Tuesday, October 6, 2009

Wolf Hall Wins the Booker Prize

Wolf Hall: A Novel
Not since Life of Pi by Yann Martel won the Booker Prize for Fiction in 2002 has the favorite won. Until today, that is. Minutes ago, Hilary Mantel's Wolf Hall was announced as this year's Booker winner. The Times reports that Mantel's 650-page historical novel about the life and times of Thomas Cromwell edged out the competition "in a secret ballot by three votes to two." James Naughtie, chair of the judges panel, said that "Mantel’s book was the most towering achievement in a shortlist that resembled an alpine landscape of accomplishment."

Booksellers are thrilled with this result. Janine Cook, the fiction buyer for Waterstone’s, commented to the Times "that Wolf Hall was the sort of book that brought new readers to literary fiction."

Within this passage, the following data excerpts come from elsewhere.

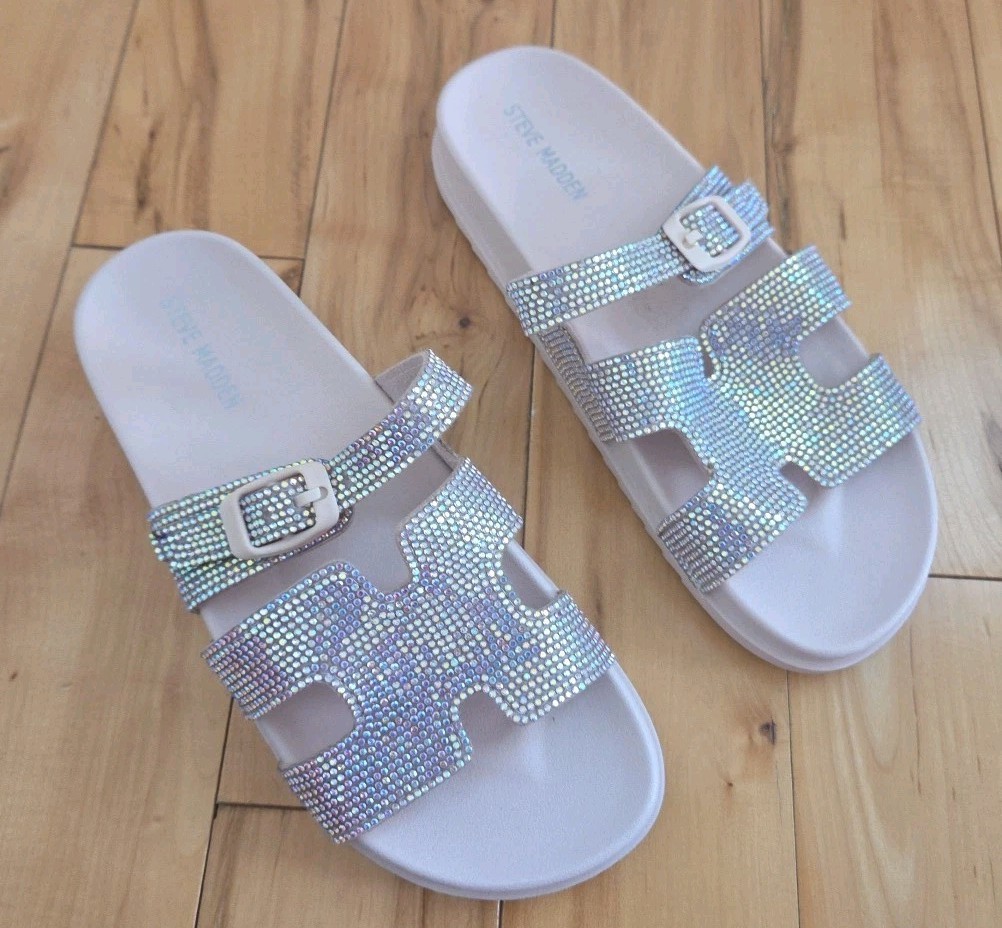 - Steve Madden Youth J Spiritr Slide Sandal Sparkle Rhinestone Blush Pink Sz 3 New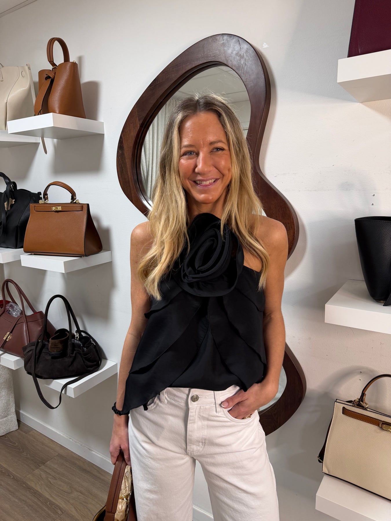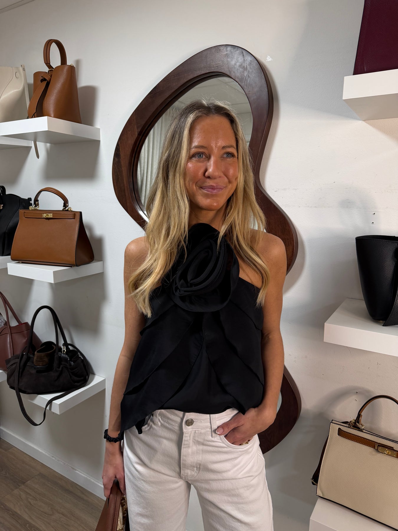 Halterneck topp med tunna axelband med en stor ros applikation i mitten, lager på lager drapering för ett elegant fall. normal i storleken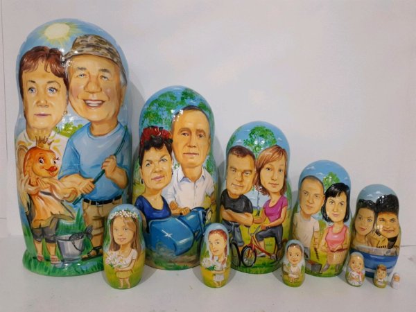 Матрешка шарж - это оригинальная и креативная версия традиционной русской матрешки. Эти уникальные игрушки выделяются своим ярким и смешным дизайном, который представляет из себя карикатурную версию известных персонажей или знаменитостей. Каждая фигурка матрешки шарж имеет несколько секций, которые можно раскрыть, чтобы обнаружить более мелкие фигурки внутри, создавая неповторимый эффект "количества в одном". Матрешка шарж - это отличный подарок для коллекционеров, любителей художественных предметов или просто для тех, кто ценит оригинальность и юмор в предметах интерьера. Она станет украшением любого дома и привлечет внимание гостей своей уникальностью и интригующим дизайном.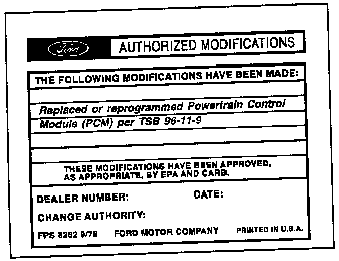 Obtain an Authorized Modifications Decal and list the date, dealer number, and summary of modifications performed. Select a prominent place adjacent to the Vehicle Emission Control Information Decal suitable for installing the Authorized Modifications Decal. Clean the area, install the decal, and cover it with a clear plastic decal shield.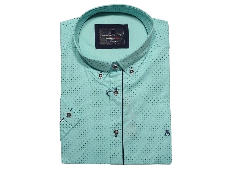 Türkizkék színű, nyári nagyméretű férfi rövid ujjú ing legombolható gallérral. Az idei tavaszi/nyári szezon egyik legkedveltebb színe a türkizkék. Vidám, pasztell színéről a tenger, a frissítő nyári szellő jut eszünkbe. Az ing egyedisége nem csak a színében, hanem a részleteiben rejlik. A sötétkék apró minta, a gombpánt szegélye, a rusztikus gombok és a hímzett minta jól láthatóvá válik a türkizkék alapon. Összességébe nézve a B. Türkiz mintás rövid ujjú ing vidám, könnyed és játékos! Ha unja már a hagyományos színeket, ez az ing nem hiányozhat ruhatárából! Attól függően, hogy milyen összhatást szeretne elérni, viselheti rövid vagy hosszú nadrággal, elegánsabb vagy akár a sportosabb farmerhoz is. Rugalmas pamut anyaga, a meleg nyári napokon is gondoskodik kényelméről! Nagy méretekben rendelhető: 2XL, 3XL, 4XL, 5XL, 6XL.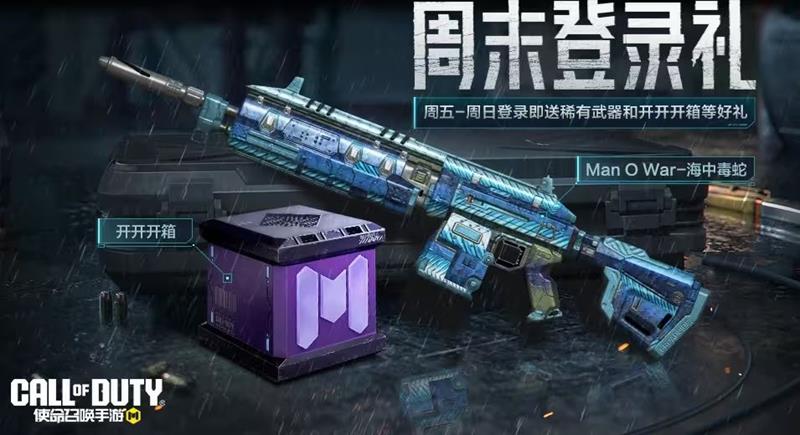 8月29日(本周五),周末登录礼活动上线,战士们登录游戏就能获得稀有级武器Man O War-海中毒蛇、开开开箱等好礼。

Here's the publisher's description of the book:
England in the 1520s is a heartbeat from disaster. If the king dies without a male heir, the country could be destroyed by civil war. Henry VIII wants to annul his marriage of twenty years, and marry Anne Boleyn. The pope and most of Europe opposes him. The quest for the king’s freedom destroys his adviser, the brilliant Cardinal Wolsey, and leaves a power vacuum.

Into this impasse steps Thomas Cromwell. Cromwell is a wholly original man, a charmer and a bully, both idealist and opportunist, astute in reading people and a demon of energy: he is also a consummate politician, hardened by his personal losses, implacable in his ambition. But Henry is volatile: one day tender, one day murderous. Cromwell helps him break the opposition, but what will be the price of his triumph?

In inimitable style, Hilary Mantel presents a picture of a half-made society on the cusp of change, where individuals fight or embrace their fate with passion and courage. With a vast array of characters, overflowing with incident, the novel re-creates an era when the personal and political are separated by a hairbreadth, where success brings unlimited power but a single failure means death.

2 comments:

Unknown said...

It really does sound like an interesting book.

Zibilee said...

Yay! I am so excited about this book and can't wait to read it. I also think a few of the others sound really good.